LightOJ - 1079 概率

As Harry Potter series is over, Harry has no job. Since he wants to make quick money, (he wants everything quick!) so he decided to rob banks. He wants to make a calculated risk, and grab as much money as possible. But his friends - Hermione and Ron have decided upon a tolerable probability P of getting caught. They feel that he is safe enough if the banks he robs together give a probability less than P.

Input

Input starts with an integer T (≤ 100), denoting the number of test cases.

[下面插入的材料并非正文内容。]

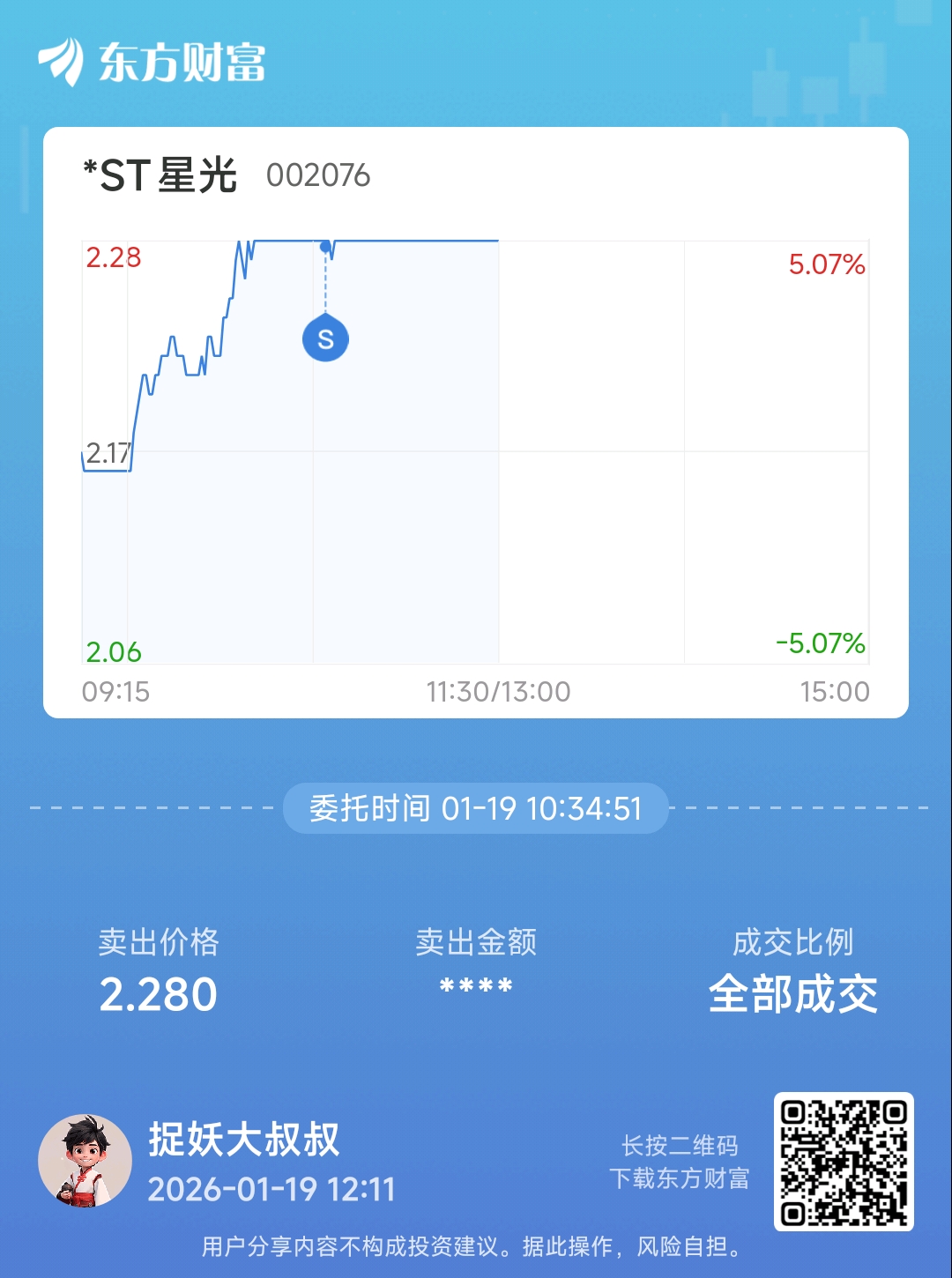 现在已经清仓了,留了个底仓!因为要过年了!回笼下资金,持有星光6年!晚上都睡不好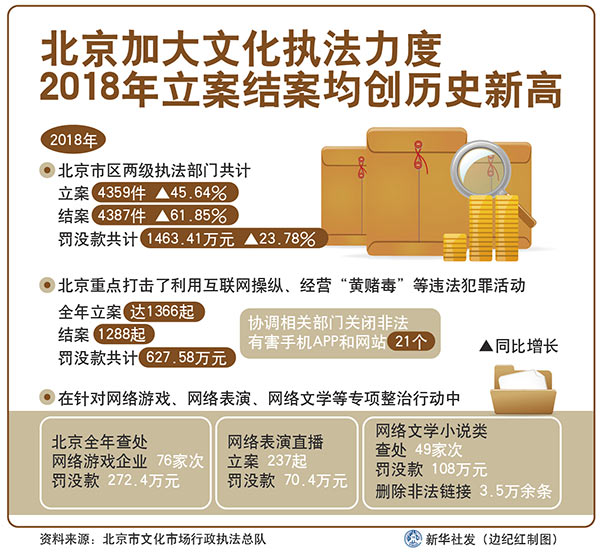 圖表:北京加大文化執(zhí)法力度 2018年立案結(jié)案均創(chuàng)歷史新高 新華社發(fā) 邊紀紅 制圖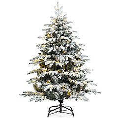 Costway 4.5 FT Pre-Lit Flocked Christmas Tree Hinged w/ 120 LED Lights & 757 Branch Tips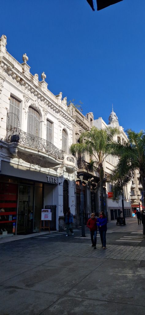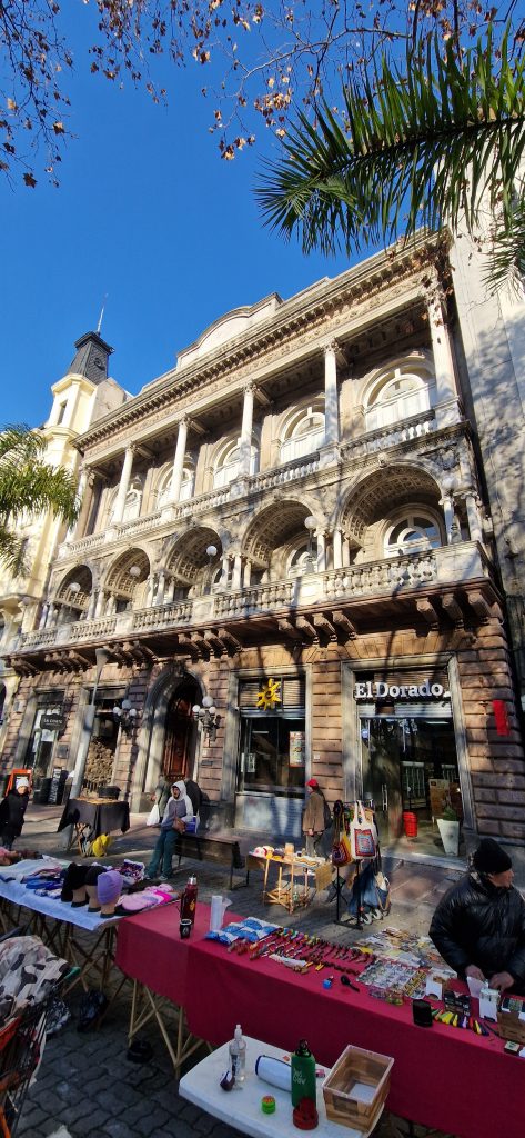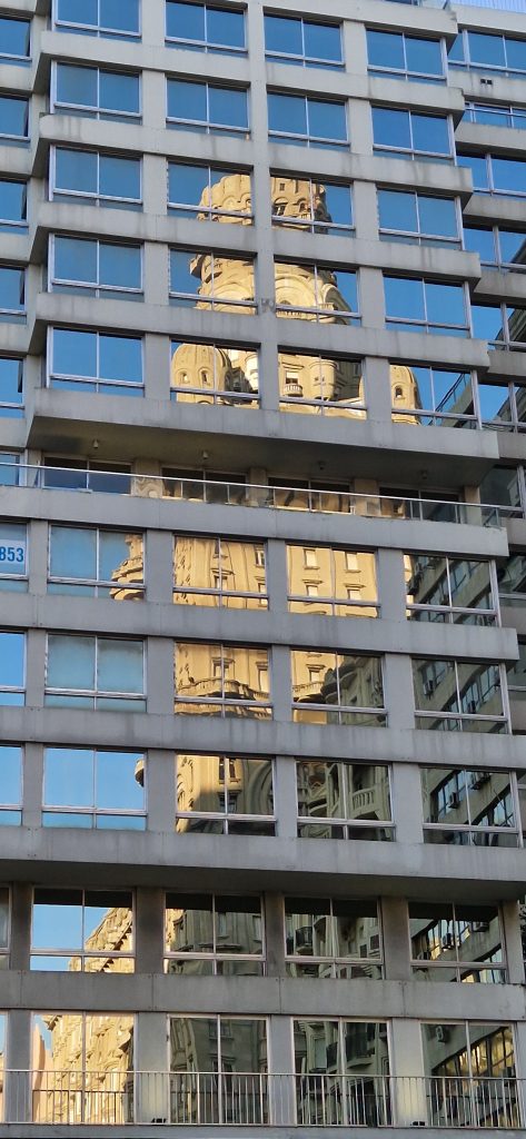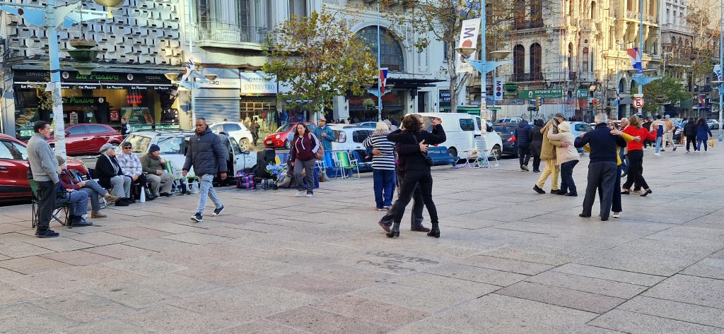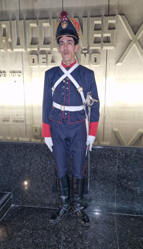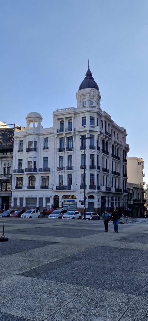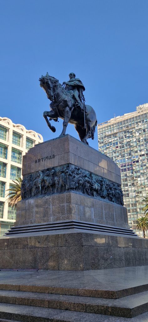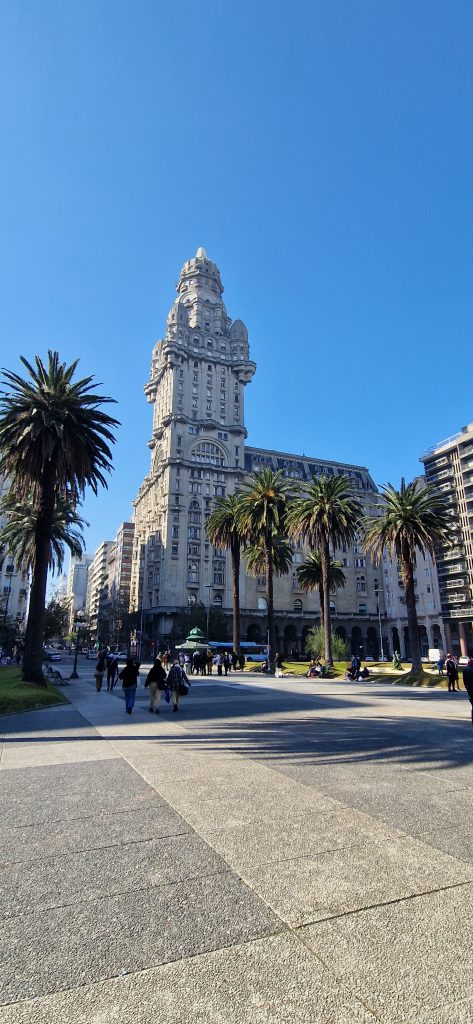 Herr Artigas ist in Uruguay ein Nationalheld und wird als „Vater der Unabhängigkeit Uruguays“ bezeichnet. Seine Denkmäler finden sich hier in jeder Stadt. Hier an diesem Plaza ist unter der Erde sein Mausoleum. Steht doch während der mehrstündigen Öffnungszeiten immer eine Ehrenwache! (Jochen hat gar nicht bemerkt, daß das lebende Männer waren 😊. Er dachte, das wären Puppen). Über dem Mausoleum ist wieder eine große Reiterstatue von Artigas. Hier an diesem Platz befindet sich auch eines der höchsten Gebäude Uruguays, das Palacio Salvo, in dem auch das Tango-Museum untergebracht ist. Es ist nicht wirklich schön, aber doch beeindruckend.

Each case contains a real number P, the probability Harry needs to be below, and an integer N (0 < N ≤ 100), the number of banks he has plans for. Then follow N lines, where line j gives an integer M_j (0 < M_j ≤ 100) and a real number P_j . Bank j contains M_j millions, and the probability of getting caught from robbing it is P_j. A bank goes bankrupt if it is robbed, and you may assume that all probabilities are independent as the police have very low funds.

Output

For each case, print the case number and the maximum number of millions he can expect to get while the probability of getting caught is less than P.

Sample Input

3

0.04 3

1 0.02

2 0.03

3 0.05

0.06 3

2 0.03

2 0.03

3 0.05

0.10 3

1 0.03

2 0.02

3 0.05

Sample Output

Case 1: 2

Case 2: 4

Case 3: 6

Note

For the first case, if he wants to rob bank 1 and 2, then the probability of getting caught is 0.02 + (1 - 0.02) * .03 = 0.0494 which is greater than the given probability (0.04). That's why he has only option, just to rob rank 2.

概率做01背包 

一个人抢钱，每个物品有一个危险概率（double），一个价值，问低于p危险概率下，获得的最大收益

dp[i]表示抢到i元时不被抓到的最大概率

#include<iostream>
#include<cstdio>
#include<cstring>
#include<algorithm> 
using namespace std;


const int maxn = 1e2+5;
double dp[100005];

struct node{
	int value;
	double p;
}a[maxn];

int main()
{
	int t;
	cin >> t;
	for(int k = 1; k <= t; k++)
	{
		double va;
		int n ;
		cin >> va >> n; 
		int sum = 0;
		for(int i = 0; i < n; i++)
		{
			cin >> a[i].value >> a[i].p;
			a[i].p = 1 - a[i].p;
			sum += a[i].value;
		}
		memset(dp, 0, sizeof dp);
		dp[0] = 1;
		for(int i = 0; i < n; i++)
			for(int j = sum; j >= a[i].value; j--)
				dp[j] = max(dp[j], dp[j-a[i].value]*a[i].p);
		int i;
		for(i = sum; i >= 0; i--)  
        {  
            if(1-dp[i] <= va)  
                break;  
        }
       printf("Case %d: %d\n", k, i);
	}
	return 0;	
 }